Any actor playing a character with a mental or physical affliction will talk about making sure they do the research to do them justice.

Ben Miller didn’t need to do any of that to play Professor T, a character who suffers with severe OCD.

‘I had OCD myself quite badly when I was in my twenties – as many of the people who have worked with me will attest,’ says Miller.

‘I’ve been really lucky and it seems, as I’ve got older, to have got better as my anxiety reduced. That’s one of the things that attracted me to the character in the first place. I just thought, this is meant for me.’

Miller underwent cognitive behavioural therapy to help ease his symptoms – and can look back now and identify the causes of it.

‘For me, OCD was about anxiety and trying to control the one thing you can control, be it the position of an object on a table or wanting to repeat the same patterns of behaviour over and over again – to sit in the same chair, for example – it’s that kind of control. That’s what mine was like.

‘I suppose I have a lot of empathy for the character,’ he continues.

‘One of the things I was saying to the director early on was that my concern was always to conceal my OCD, not to show it. I couldn’t help showing it sometimes and I would feel very exposed and vulnerable if I had to do something that was obviously OCD in front of somebody. So I played it as something he was trying to minimise in front of others.’

Professor T, a remake of a Belgian drama about a brilliant, if condescending, professor, is being launched first on Britbox before airing later this summer on ITV.

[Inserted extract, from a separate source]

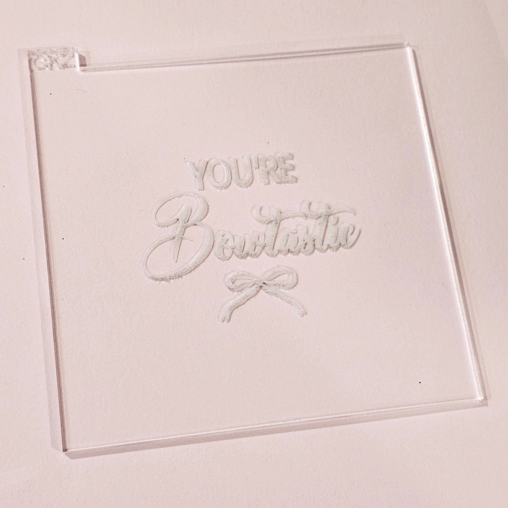 Create delightful treats with a touch of personalized flair. This stamp adds a charming message to your baked goods. Perfect for cookies or cupcakes, it's a great way to express your creativity. The stamp's design is sized just right for both treats, ensuring a clear impression. Enjoy adding this "bowtastic" touch to your culinary creations.
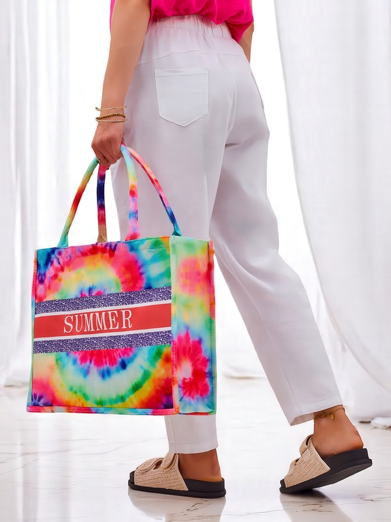- Большая женская сумка из ткани с ярким рисунком и надписью "SUMMER". Одно отделение, легкая и вместительная — идеально подходит для пляжа, отдыха и летних образов!

It’s a charmingly old-fashioned detective drama where there’s a case to solve each week and everything is wrapped up by the credits.

Fans of Miller’s turn as Richard Poole in Death In Paradise will find plenty to enjoy here. But was Miller familiar with the original?

‘I saw the original Flemish series and loved it. I love the character, this very unusual criminal psychologist,’ he says. ‘But, most of all, it was the fact that every single character in the show has a proper backstory.’

What sets the show apart from more run-of-the-mill detective dramas, however, is a distinctly off-kilter spirit. Professor T is somewhat of a dreamer who is prone to leaps of fantasy and we, the audience, get to see exactly what he’s daydreaming about – be it tangoing with an ex-partner or even pushing his mother off a roof.

‘He can lapse into fantasy. He’s also very intuitive about people’s emotions. So, for example, he might be interviewing somebody about a murder and he will sense that their calm exterior is hiding some serious anger and jealousy,’ says Miller.

‘And that person will burst out and start swearing and stamping in the middle of the room. Then it cuts back to another view where you see nothing like that is happening in real life.’

Lapses into fantasy and his eccentric quirks may lead you to believe that Professor T is a loveable oddball. Dig deeper, though, and there’s a real sinister side to him.

‘He’s definitely troubled, he has a really traumatic past, you know. His family history is quite dark. And we get a glimpse of that towards the end of this first season to the point when you think he might be a murderer himself,’
says Miller.

‘I don’t entirely trust him. I don’t. I always felt with Richard Poole that he had a heart of gold and a very moral purpose. Professor T, to me, feels slightly amoral. I’m never entirely sure he has everyone’s best interests at heart.’

That darkness is tempered by his relationship with his mother, played
by the brilliant Frances de la Tour.

‘She really loves Jasper [Professor T]. There is a real, unconditional love but they have a very difficult relationship. It’s really through the way that Frances is with Professor T that we see he’s not an absolute w****r,’ says Miller.

‘He’s unbearable to be with for most people but he’s like a little boy with his mother and the way that she handles him so sensitively but fearlessly, it’s a very beautiful thing.’

If Professor T is a big success, we can expect more cases and more guest stars for him to condescend to in the future. Perhaps, even, his old comedy partner Alexander Armstrong?

‘That would be fantastic,’ laughs Miller. ‘We could get him murdered, that would be even better.’

Professor T is available to stream on Britbox from tomorrow. The series will air later this summer on ITV.